WORK REQUIRED:
Copy out the entire listing below exactly, but without its pictures.

GIVEN MATERIAL:
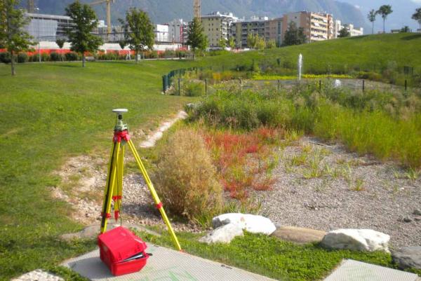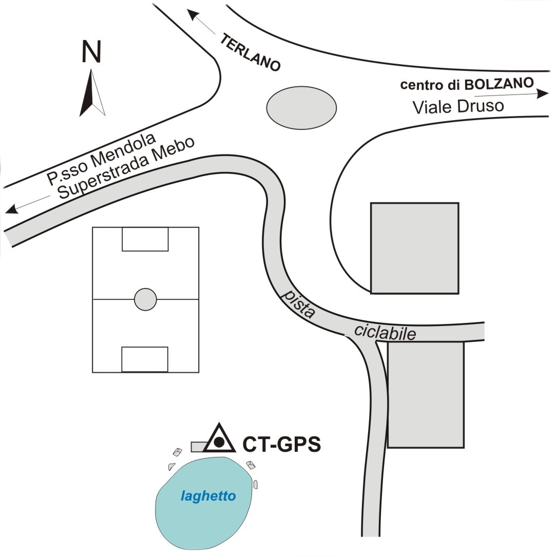 Centrino universale infisso sul cordolo del tombino in cemento armato nel Parco pubblico, a nord del piccolo laghetto, nei pressi della rotonda via Merano, via Castel Firmiano.
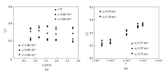 从图7(a)中可以看出,当表面活性剂浓度保持不变时,射流破裂时间几乎不随射流速度的改变而改变。在射流速度保持不变时,随着表面活性剂浓度的增大,射流破裂时间呈现逐渐增长的趋势。在实验参数范围内,射流破裂时间均小于0.4 s。考虑重力对液体射流的加速作用,液体射流实际破裂时间要小于0.4 s。
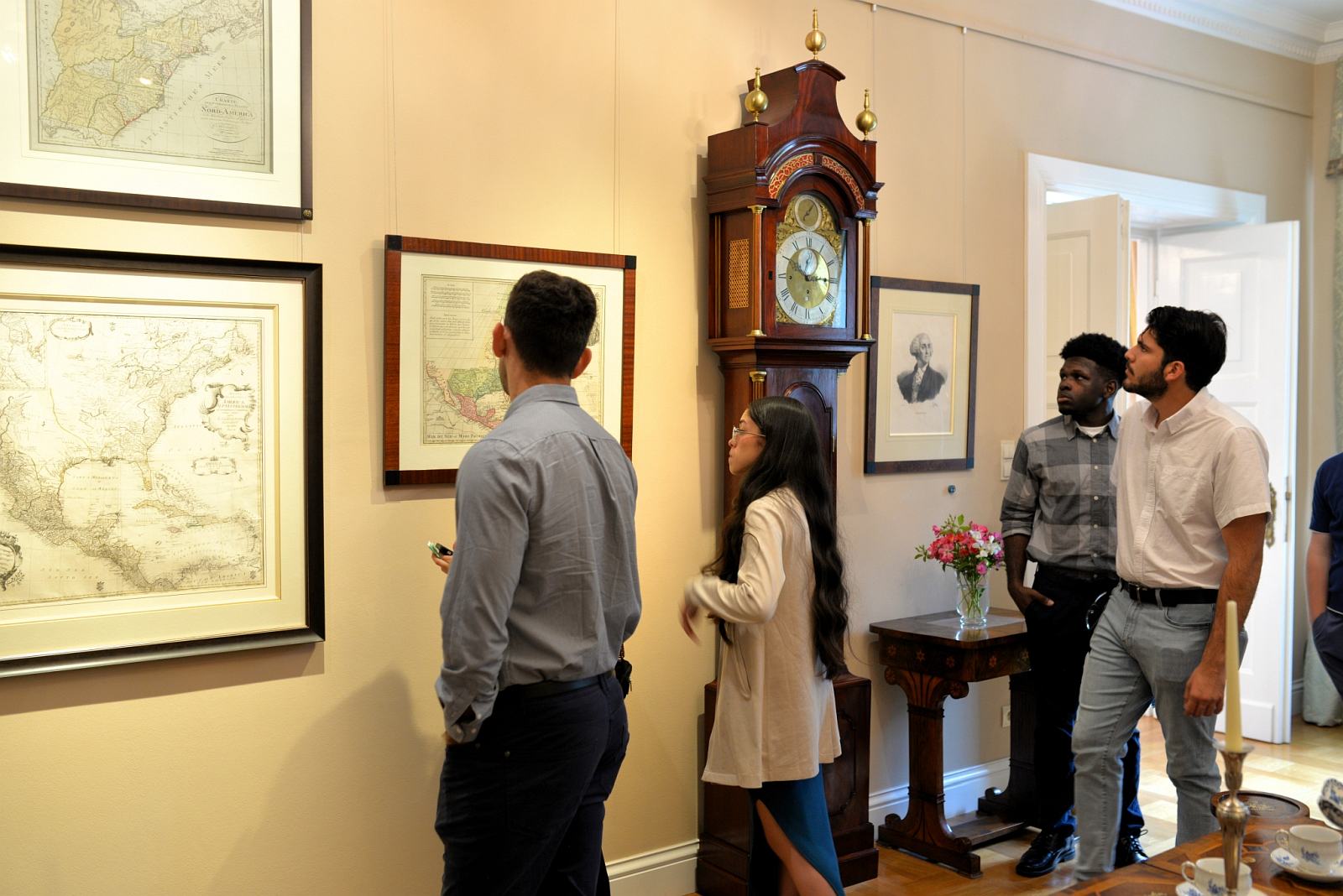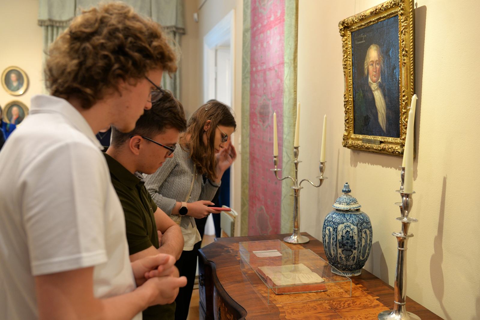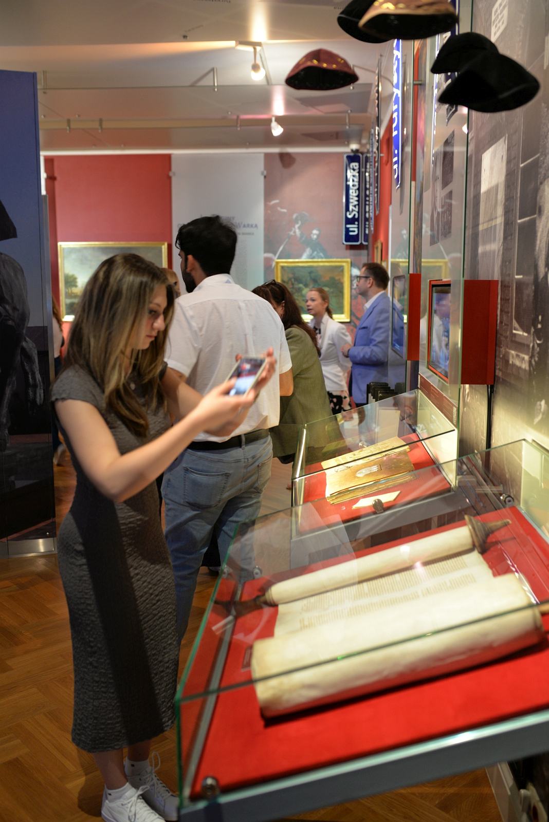 Wizyta w Muzeum rozpoczęła się zwiedzaniem ekspozycji. Rozmawialiśmy o Pułaskim, Kościuszce i innych Polakach, którzy zapisali się w historii Stanów Zjednoczonych Ameryki. Nasz patron był im dobrze znany. Za oceanem widzieli jego pomniki, a wśród gości była także osoba, która uczęszczała do polskiej szkoły jego imienia. Ktoś inny mieszkał w pobliżu West Point i bardzo dobrze kojarzył pomnik Kościuszki na tym terenie. Podczas zwiedzania furorę zrobił pierwodruk Konstytucji 3 maja prezentowany w naszej muzealnej bibliotece.
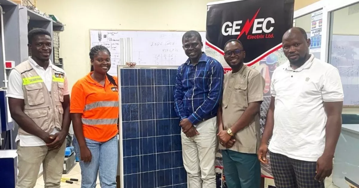 Five people are standing indoors around a large solar panel, with a "GENEC Electrix Ltd." banner behind them. The setting is an office with technical drawings on a whiteboard in the background.

RESULT OF THIS EXERCISE:
 Centrino universale infisso sul cordolo del tombino in cemento armato nel Parco pubblico, a nord del piccolo laghetto, nei pressi della rotonda via Merano, via Castel Firmiano.
 从图7(a)中可以看出,当表面活性剂浓度保持不变时,射流破裂时间几乎不随射流速度的改变而改变。在射流速度保持不变时,随着表面活性剂浓度的增大,射流破裂时间呈现逐渐增长的趋势。在实验参数范围内,射流破裂时间均小于0.4 s。考虑重力对液体射流的加速作用,液体射流实际破裂时间要小于0.4 s。
 Wizyta w Muzeum rozpoczęła się zwiedzaniem ekspozycji. Rozmawialiśmy o Pułaskim, Kościuszce i innych Polakach, którzy zapisali się w historii Stanów Zjednoczonych Ameryki. Nasz patron był im dobrze znany. Za oceanem widzieli jego pomniki, a wśród gości była także osoba, która uczęszczała do polskiej szkoły jego imienia. Ktoś inny mieszkał w pobliżu West Point i bardzo dobrze kojarzył pomnik Kościuszki na tym terenie. Podczas zwiedzania furorę zrobił pierwodruk Konstytucji 3 maja prezentowany w naszej muzealnej bibliotece.
 Five people are standing indoors around a large solar panel, with a "GENEC Electrix Ltd." banner behind them. The setting is an office with technical drawings on a whiteboard in the background.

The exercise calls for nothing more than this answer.